Welcome to You Ask Andy

Melina Bryant, age 10, of Highland Home, Alabama, for her question:

Will you please tell me about the rocks?

Melina is mighty interested in the earth's rocks, such as what they are and where they are and especially about their wondrous colors. Andy can't tell everything about them in one day. So, as usual, he will do the best he can. He thinks his best plan is to tell about some of his favorite rocks    and where they belong in the world.

It's nice to know that we shall never run out of rocks. There are enough of them for all of us to have just as many as we want    with plenty left over. As you know, our world is a great big round ball, about 25,000 miles around its fat middle. And the entire ball is covered with a crust of rocks, rocks and more rocks. In some places the rocky crust is about five miles thick. In other places it is more than 40 miles thick.

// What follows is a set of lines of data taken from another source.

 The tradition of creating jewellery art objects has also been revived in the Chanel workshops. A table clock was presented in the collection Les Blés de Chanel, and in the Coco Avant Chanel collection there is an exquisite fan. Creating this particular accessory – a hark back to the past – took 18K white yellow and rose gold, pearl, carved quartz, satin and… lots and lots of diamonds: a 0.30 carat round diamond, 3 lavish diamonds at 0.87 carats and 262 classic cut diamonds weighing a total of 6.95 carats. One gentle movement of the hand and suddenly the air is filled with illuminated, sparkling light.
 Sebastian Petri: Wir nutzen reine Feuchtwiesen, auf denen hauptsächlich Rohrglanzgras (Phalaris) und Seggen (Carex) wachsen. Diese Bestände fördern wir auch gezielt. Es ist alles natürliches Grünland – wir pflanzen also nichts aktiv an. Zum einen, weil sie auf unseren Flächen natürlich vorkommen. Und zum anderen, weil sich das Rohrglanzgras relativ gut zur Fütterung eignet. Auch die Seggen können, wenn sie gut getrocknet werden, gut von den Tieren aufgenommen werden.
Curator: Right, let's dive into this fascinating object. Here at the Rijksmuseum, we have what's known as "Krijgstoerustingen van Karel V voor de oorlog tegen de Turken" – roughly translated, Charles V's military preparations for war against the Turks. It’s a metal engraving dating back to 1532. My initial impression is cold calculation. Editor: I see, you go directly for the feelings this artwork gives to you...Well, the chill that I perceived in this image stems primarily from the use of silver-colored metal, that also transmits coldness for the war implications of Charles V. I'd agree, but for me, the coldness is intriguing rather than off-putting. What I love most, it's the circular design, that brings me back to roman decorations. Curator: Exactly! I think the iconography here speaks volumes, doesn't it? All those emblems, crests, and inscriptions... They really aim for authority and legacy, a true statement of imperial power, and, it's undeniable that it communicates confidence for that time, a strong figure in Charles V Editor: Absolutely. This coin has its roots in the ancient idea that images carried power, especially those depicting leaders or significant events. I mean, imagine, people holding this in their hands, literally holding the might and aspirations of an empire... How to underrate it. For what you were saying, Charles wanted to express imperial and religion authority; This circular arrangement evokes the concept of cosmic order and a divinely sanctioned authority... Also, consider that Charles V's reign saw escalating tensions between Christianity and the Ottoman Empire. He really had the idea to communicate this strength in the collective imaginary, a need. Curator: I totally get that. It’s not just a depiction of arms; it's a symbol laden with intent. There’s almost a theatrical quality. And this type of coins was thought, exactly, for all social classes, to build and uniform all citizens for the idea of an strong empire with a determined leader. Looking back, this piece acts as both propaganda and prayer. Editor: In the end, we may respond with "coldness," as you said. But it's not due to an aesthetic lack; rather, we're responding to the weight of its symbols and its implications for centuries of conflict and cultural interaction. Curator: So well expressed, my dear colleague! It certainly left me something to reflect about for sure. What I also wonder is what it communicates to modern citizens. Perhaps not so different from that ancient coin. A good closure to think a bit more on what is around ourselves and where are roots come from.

We stand on rocks when we stand on the ground. They even use rocks to make the streets and cement sidewalks. They also use rocks to build buildings of stone and bricks. We walk on rocks in the woods and fields, over the hills and down the slopes. The earth has about 1,500 chemical ingredients and it took many long ages to make them into about 100 different types of rock, though, actually, no two chunks of rock are exactly mike. For example, garden dirt does not look like rock. But it is made from powdered rocks, mixed with moisture, fallen leaves and whatever else is left to rot on the ground. The sand on the beach is made from tiny grains of hard rock.

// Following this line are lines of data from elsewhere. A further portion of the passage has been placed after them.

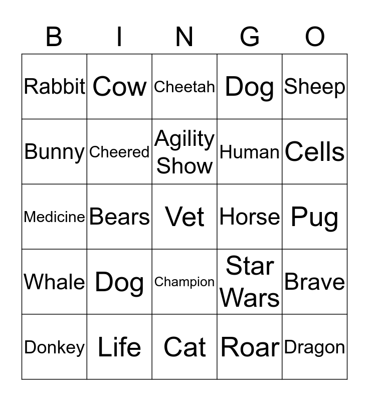 This bingo card has 25 words: Dog, Cat, Agility Show, Donkey, Sheep, Rabbit, Bunny, Cow, Horse, Champion, Human, Medicine, Star Wars, Brave, Cheered, Dragon, Pug, Cheetah, Cells, Bears, Vet, Life, Whale, Dog and Roar.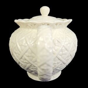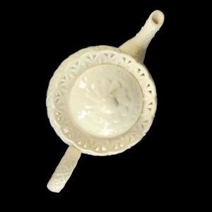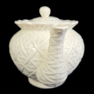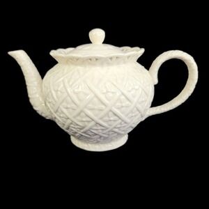 Godinger Cream Embossed Lattice Teapot With Lid Pierced Lace Rim Porcelain READ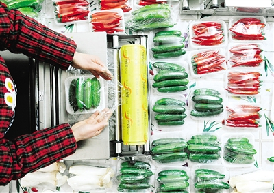 1月23日,华县金农果蔬专业合作社的社员在包装新鲜的无公害蔬菜。春节即将来临,在陕西国家级绿色无公害蔬菜基地县华县,大量的优质蔬菜等待投放市场。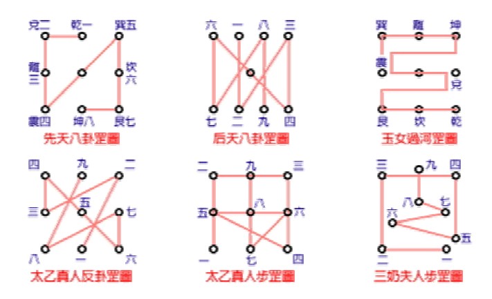 *** Từ trái qua phải gồm các đồ hình sau : Tiên Thiên Bát Quái Cương, Hậu Thiên Bát Quái Cương, Ngọc Nữ Quá Hà Cương, Thái Ất Chân Nhân Hậu Quái, Thái Ất Chân Nhân Bộ Cương, Tam Nãi Phu Nhân Bộ Cương

Each type of rock called for a different recipe. Crumbly white limestone was made under the sea, from tiny shells and tiny seaweeds. Sometimes a trace of mud was added to make it brown or grey. The sea also made sandstones and tinted them rosy red or grey, ginger or dark friendly brown. Limestones and sandstones are called sedimentary rocks because they were made from dregs or sediments that sank to the bottom. Later the water went away and left them high and dry.

Other rocks were made by fiery volcanos, when they erupted rivers of red hot lava. The runny lava was a mixture of many mineral ingredients. It cooled in the air and set into solid rocks. We called them igneous rocks, which means made by fire. Granites are igneous rocks, all speckled with colored grains of this and that.

Sometimes a layer of limestone got mashed by a growing mountain    and turned into waxy white marble. We call it a metamorphic rock, which means it was completely remodeled.

Andy's favorites are silicate rocks, made from chemicals called silicon and oxygen. The earth used different recipes to make dozens of gorgeous silicate rocks. Some turned out to be smooth white pebbles, some are glassy crystals, like tinted glass. Other silicates are gleaming tiger eyes and some are agates, with bright stripes like colored ribbons. Opal is a silicate rock and so is glassy carnelian, that looks like frozen honey.